Although these were very basic, still it was fun to see from time to time how
long the project has been going on, how many commits per day you had and other
information porn.

Anyway, GitX is a wonderful tool that does it's job and it's great complement
to the command line. I use it mostly for history and branching visualization
and except that it something it would hang on large commits (not file count-
wise, more when trying to show big diffs), it has been serving me well all
this time and I have to thank you and all the contributors!

------
olifante
I love GitX and use the commit view all the time. The visual diff makes it so
simple to see what you have changed.

I don't bother teaching coworkers that much about command-line git now, I just
point them to GitX, which suffises for 90% of their interactions with git.

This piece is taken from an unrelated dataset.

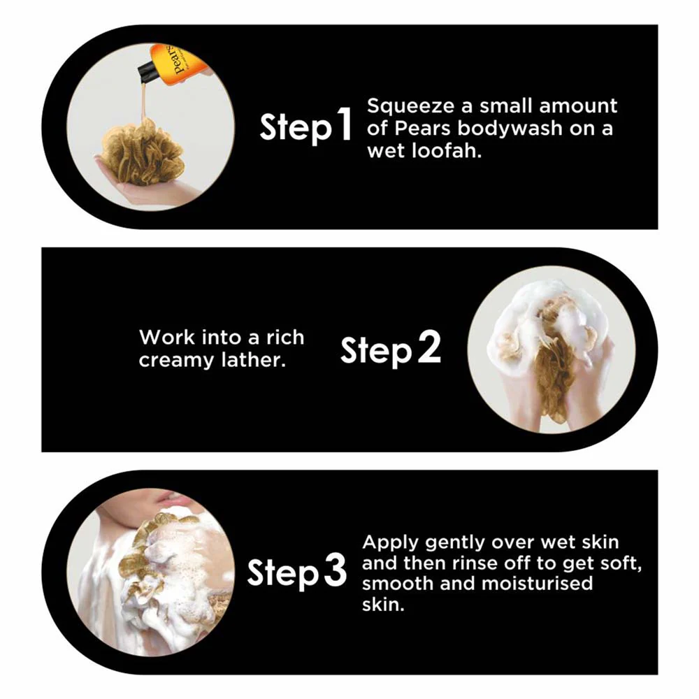 Pears Pure & Gentle body wash, crafted with 98% pure glycerin and natural oils. It is a pure and gentle cleanser for your body that leaves your skin feeling soft, smooth and moisturised. Pears Body wash is mild and gentle and cleanses your skin thoroughly.

One simple thing I'd like to have is the ability to just click a button and
pull or push from a remote branch.

------
qaexl
Main thing I'd like to see in gitx:

Three-panel merging, a la Meld.

------
dmose
I love gitX ..I use it daily. Sometimes I find it hangs if you are switching
branches via the command line though.

------
pilif
I'm using GitX daily, though only for looking at the history.

I would love to see blame support though.

------
bumbledraven
I love it, but it hangs quite often for me with "Refreshing index", whatever
that means.

------
jayair
I use it and like it. Keep up the good work!

------
ddd
XCode integration!